Figure 3-35. – Solar cell.
When it is necessary to block the voltage between one electronic circuit and another, and transfer the signal at the same time, an amplifier coupling capacitor is often used as shown in figure 3-36. Although this method of coupling does block dc between the circuits, voltage isolation is not complete. A newer method, making use of optoelectronic devices to achieve electrical isolation, is the optical coupler, shown in figure 3-37. The coupler is composed of an LED and a photodiode contained in a light-conducting medium. As the polarity signs in figure 3-37 show, the LED is forward biased, while the photodiode is reverse biased. When the input signal causes current through the LED to increase, the light produce by the LED increases. This increased light intensity causes current flow through the photodiode to increase. In this way, changes in input current produce proportional changes in the output, even though the two circuits are electrically isolated.
Figure 3-36. – Dc blocking with a coupling capacitor.
Figure 3-37. – Optical coupler.
The optical coupler is suitable for frequencies in the low megahertz range. The photodiode type shown above can handle only small currents; however, other types of couplers, combining phototransistors with the SCR, can be used where more output is required. Optical couplers are replacing transformers in low-voltage and low-current applications. Sensitive digital circuits can use the coupler to control large current and voltages with low-voltage logic levels.

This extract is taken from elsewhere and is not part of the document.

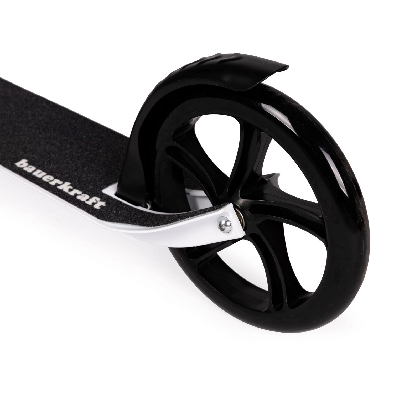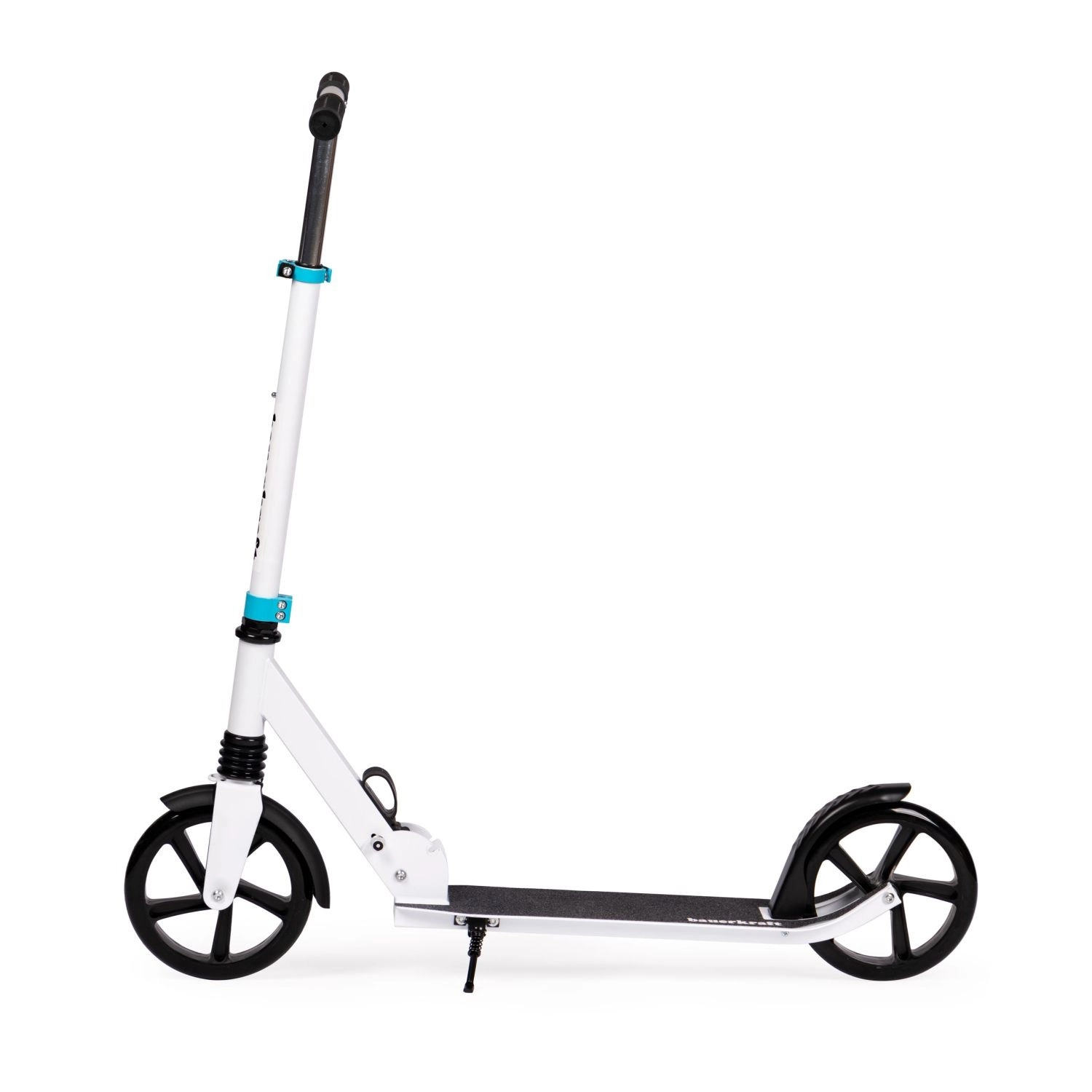 - Roți mari de 200 mm pentru stabilitate și viteză pe asfalt și piste de biciclete

Q.19 What type of bias is required to cause an LED to produce light?
Q.20 When compared to incandescent lamps, what is the power requirement of an LED?
Q.21 In a common anode, seven-segment LED display, an individual LED will light if a negative voltage is applied to what element?
Q.22 What is the resistance level of a photodiode in total darkness?
Q.23 What type of bias is required for proper operation of a photodiode?
Q.24 What is a typical light-to-dark resistance ratio for a photocell?
Q.25 What semiconductor device produces electrical energy when exposed to light?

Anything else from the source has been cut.